I send these to my publishers for approval (or not - the Bookworm went through so many changes that I lost track) and once we're all happy with how it's shaping up, I begin to draft out the ink line drawing that is finally painted in watercolour.

At this stage, any changes usually require me to begin again, so it's helpful if we can iron out all required changes at the pencil rough stage. These days, with Photoshop (I don't do anything digital, so this, to me, is the equivalent of witchcraft) an art editor can alter artwork in such a way that the reader would never ever know that any alterations have been made. Seamless is the word I'm looking for.

Despite this amazing technology and its ability to render utterly perfect, mistake-free artwork, I am still wedded to the older methods of painting, using pans and tubes of pigments, mixing dishes, wax resists, masking fluids, brushes and pens. It's riskier - one slip of the brush and all is lost, but I prefer the imperfect but very human end result.


Q: Do you have a favourite spread in this story?

A: I am fond of the spread where we see the Bookworm's little underground house.

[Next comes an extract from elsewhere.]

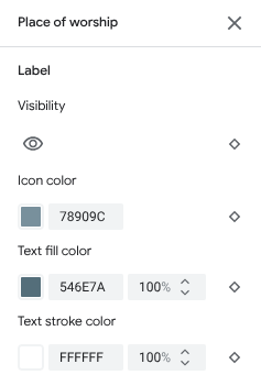 برای انواع ویژگی های نقشه که به طور کامل یا جزئی با یک برچسب نشان داده می شوند، مانند نقطه مورد علاقه یا حمل و نقل، معمولاً می توانید عناصر زیر را استایل دهید: نمایان بودن، رنگ نماد، رنگ پر کردن متن، و رنگ خط خطی متن.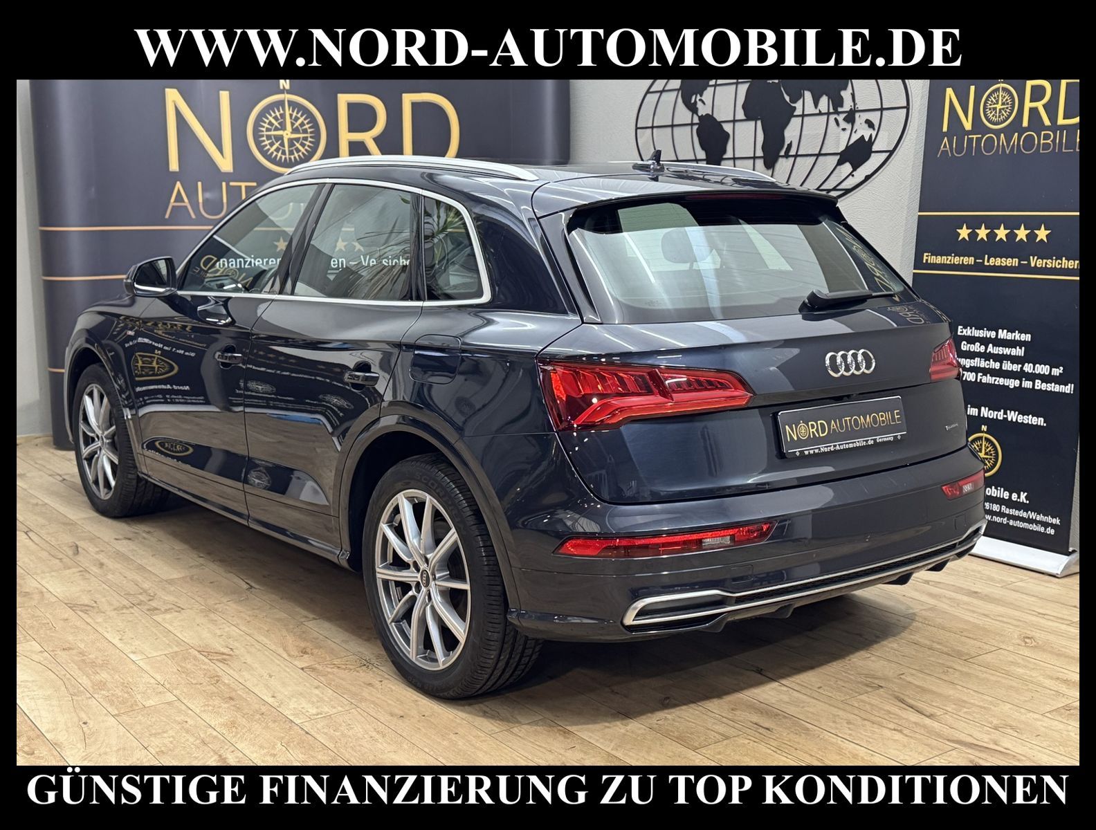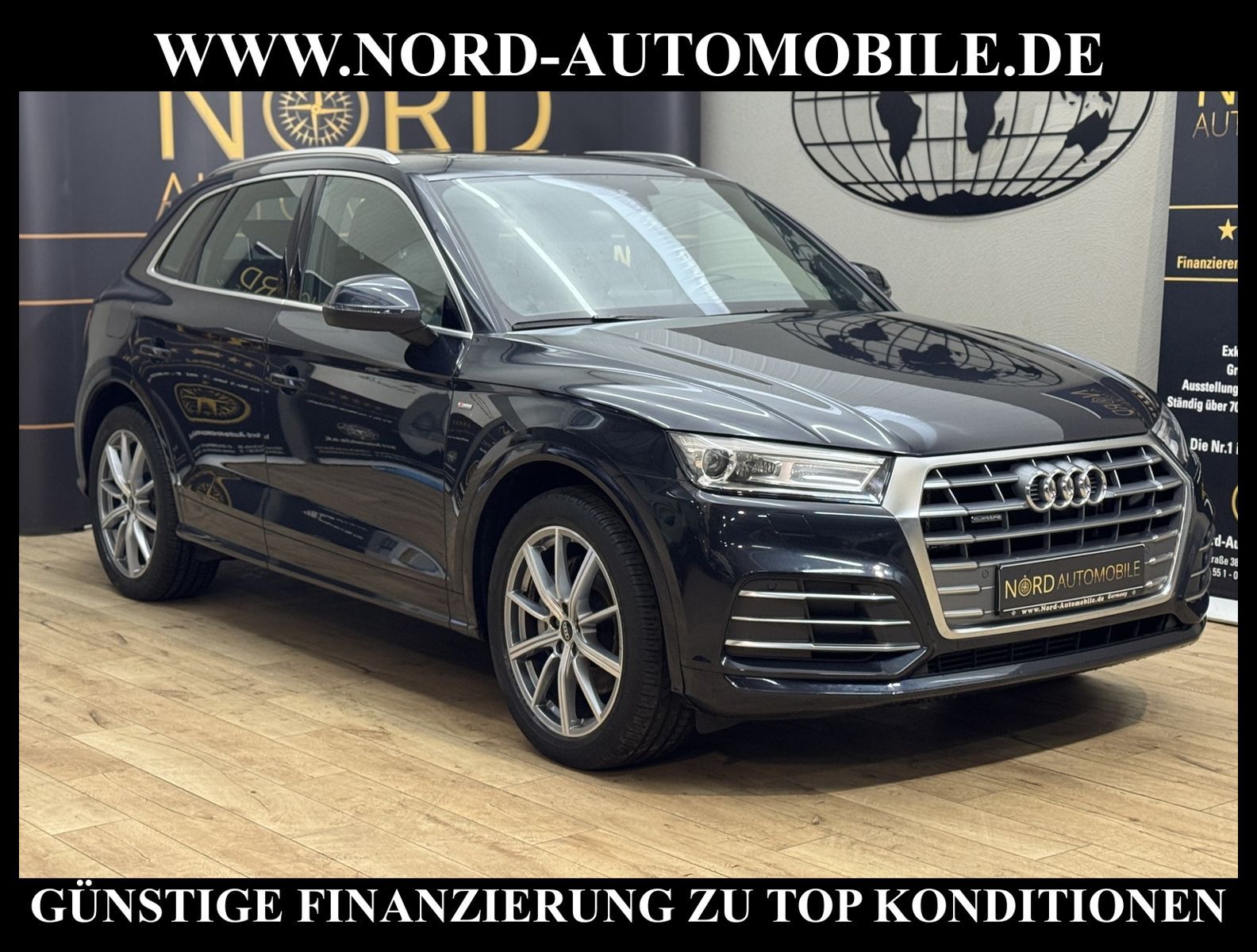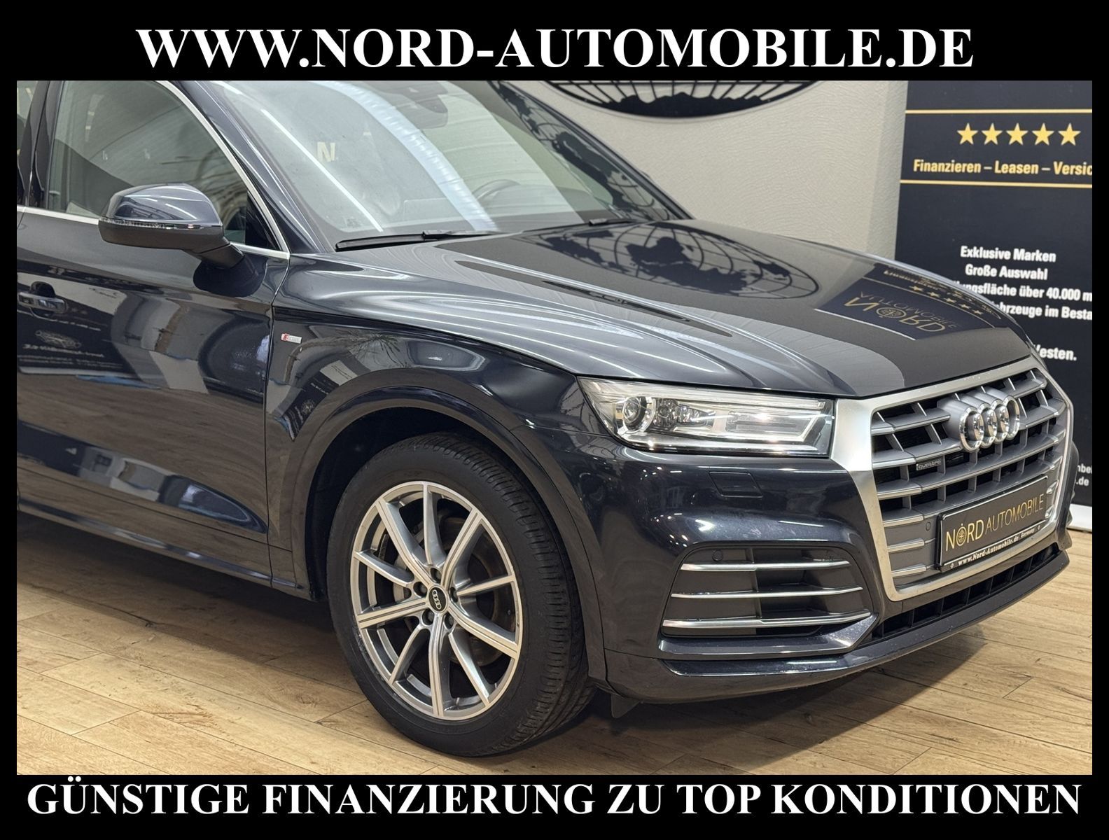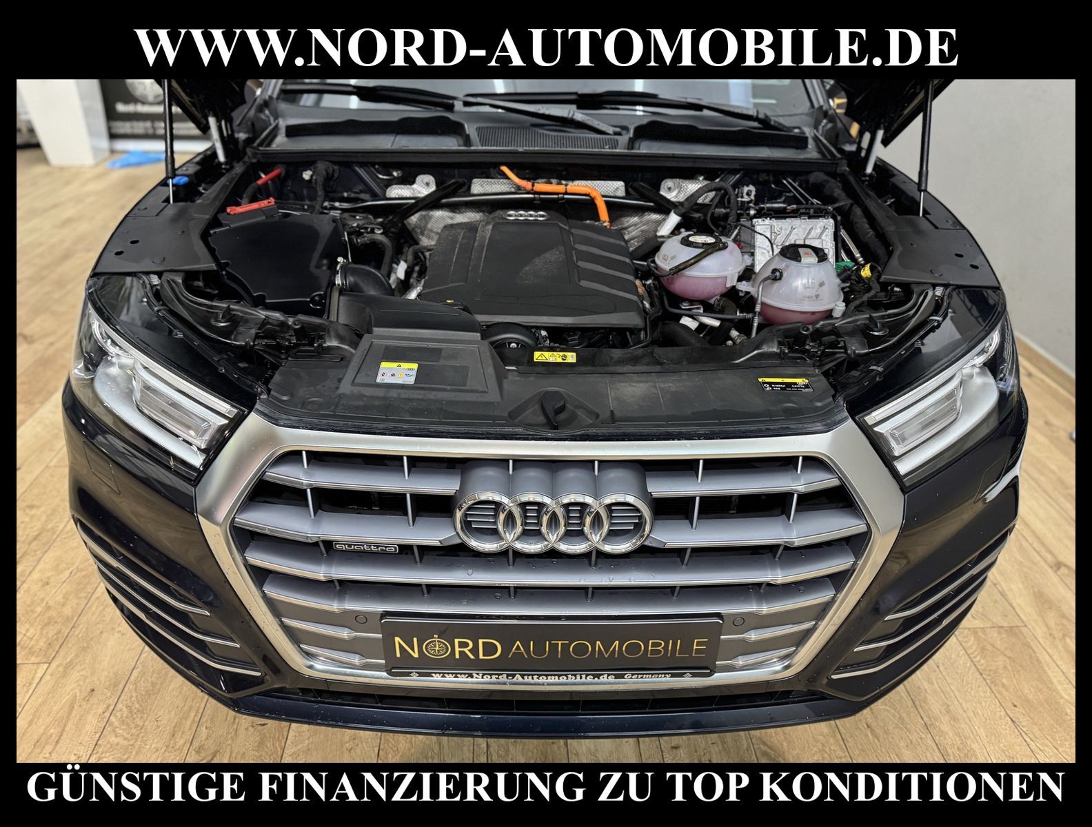 Audi Q5 50 TFSI e Hybrid quattro S-Tronic S-LINEAnsprechpartner: Jan Feldhus, Jonathan Steinfeld, Tom Bijman, Simon Wolff, Matthis Ullrich* FAHRZEUG-NUMMER: MW-9795-BD * LACKIERUNG: mondscheinblau metallic * deutsche Ausführung * Abgaskonzept, Euro6 DG * ehem.UPE: 80.890, - * Allradantrieb quattro * Hybrid 220 kW (Motor 2, 0 Ltr. - 195 kW TFSI) * Anhängerkupplung (Kugelkopf schwenkbar) * Ausstattungs-Paket: S line Sport-Paket / Plus * Exterieur-Paket S line * MMI Navigationssystem Plus mit MMI touch * Kombiinstrument digital (virtual cockpit) * Audi Sound-System DSP * Audi connect * Bluetooth-Freisprecheinrichtung mit Spracherkennung (Audi Phone Box) * Audi Smartphone Interface * digitaler Radioempfang (DAB+) * Komfort-Klimaautomatik 3-Zonen * Komfort-Standklimatisierung * Panoramadach vorn elektrisch, hinten fest * Sitzbezug / Polsterung: Leder Feinnappa, Rautensteppung mit Logo-Prägung in Vordersitzlehnen * Sportsitze vorn * Sitzheizung vorn * Sitzheizung hinten * Xenon-Scheinwerfer Plus mit LED-Tagfahrlicht * Fernlichtassistent * Heckleuchten LED * LM-Felgen 8x20 (10-Speichen-Stern-Design, Platin-Optik, glanzgedreht) * 4-Corner Luftfederung (adaptive air suspension) * Geschwindigkeitsregelanlage plus Speed-Limiter * Audi Drive Select * Einparkhilfe vorn und hinten, akustisch und optisch mit selektiver Anzeige (APS Plus) * Rückfahrkamera * Multifunktions-Lederlenkrad * Gepäckraumklappe elektrisch betätigt (öffnen + schliessen) * Sonnenschutzrollo an Türscheiben hinten * Sitze vorn höhenverstellbar * Mittelarmlehne vorn * Rücksitzlehne geteilt/klappbar, verschiebbar (40:20:40) * Dachhimmel Stoff, schwarz * Dachreling * Zentralverriegelung mit Fernbedienung ''keyless go'' * Außenspiegel elektrisch verstell-, heiz- und anklappbar, mit Abblendautomatik und Bordsteinautomatik * Innenspiegel mit Abblendautomatik * Isofix-Aufnahmen für Kindersitz * Airbag Fahrer-/Beifahrerseite * Airbag Beifahrerseite abschaltbar * Kopf-Airbag-System (Sideguard) * Seitenairbag vorn und hinten * Insassen-Schutzsystem (Audi pre sense basic) * City-Notbremsfunktion (Audi pre sense City) * Reifendruckkontrolle * Start/Stopp-Anlage mit Rekuperation * Getriebe 7-Gang - Doppelkupplungsgetriebe S-tronic für Allrad * Nord-Automobile - Ihr starker und kompetenter Partner seit über 30 Jahren * Wir bieten Ihnen eine günstige Finanzierung auch ohne Anzahlung über die * AutoEuropaBank - Zweigniederlassung der Volkswagen Bank GmbH an * 20 XXL-Fotografien dieses Fahrzeuges finden Sie unter www.nord-automobile.de * Gerne unterbreiten wir Ihnen ein Angebot zum Ankauf Ihres bisherigen Fahrzeuges * Beim Export-Geschäft führen wir die Ausfuhranmeldung und Zulassung für Sie durch * Wir sind Meister-Werkstatt und zertifizierte DEKRA-Prüfstelle * Lernen Sie uns kennen - wir freuen uns auf Ihren Besuch * Keine Haftung für Druck & Schreibfehler. ... Klima vorn+hinten, Klimaautomatik, Automatik, Leder, Navigationssystem, Allrad, Sitzheiz. vorn, Sitzheiz. hinten, Xenon, Regensensor, ESP, ABS, Schiebedach elek., Parktronic System, Multifunktionslenkr., Radio, Soundsystem, Bordcomputer, Tempomat, Spiegel autom. abblendbar, Spiegel beheizbar, elektr. Fensterheber vorn, elektr. WFS, Keyless-Go, ZV mit Fernb., Fahrerairb., Beifahrerairb., Seitenairbag vorn, Seitenairbag hinten, Kopfairbags, Leichtmetallfelgen, Nichtraucher, Anhaengerk., Glasdach, Servolenkung, Sportsitze/Schalensitze, Spoiler, Sitzbank teilbar, Dachreling, abklappb. Spiegel, elektr. verstellb. Spiegel, Kopfst. vorn, Gepaeckraumabd., Luftfederung, Aluoptik, Mittelarmlehne, Sitzheizung Fahrer + Beif., Lichtsensor, Waermeschutzvergl., aus erster Hand, 4x4-Antrieb, Lederlenkrad, Lederschaltknauf, HSN 0588, TSN BRF, Verbrauch: 2,2/0,0/0,0 l/100 km (komb/inn/auß), CO2: 57 g/km, Partikelfilter, HU + AU wird vor Verkauf erneuert, Standklima |

The point where the poor little worm's life is irrevocably changed. Maybe he was a wyrme, but by being plucked above ground, he had to evolve into a flyte. Crikey. The dra**n protection league would have something to say about that.


Q: Can you describe your studio, and is this where you write your picture books, too?

A: Yes. I write and draw in a garden shed with velux windows all round two walls plus an extra two in the ceiling to allow the fabled North light to pour in. Actually, in Scotland, it doesn't pour, it trickles, but still...

My studio is filled to bursting with paper in all its forms; apart from hundreds of books, there's a plan chest with current work, huge sheets of watercolour paper, a roll of drawing paper taller than me, a large artist's easel, a draftsman's table, a long trestle table with piles of work in progress, findings, things I mean to paint but haven't got round to yet, a wrapround desk for destroying my posture while I write, and a very long bit of useless furniture that a visiting US editor once described as a credenza (nope, me either).

If I turned round 180 degrees, I'd have a stunning view of the Lammermuir hills, but as it is, I face a blank wall when I'm painting (the view inside my head is what I'm after).


Q: What do you most enjoy doing when you're not writing or illustrating?

A: It's summer, so swimming in the sea is top of the list. Utter heaven. Cold heaven, but that moment when I push off into the blue... it's the closest feeling to bliss that I've found.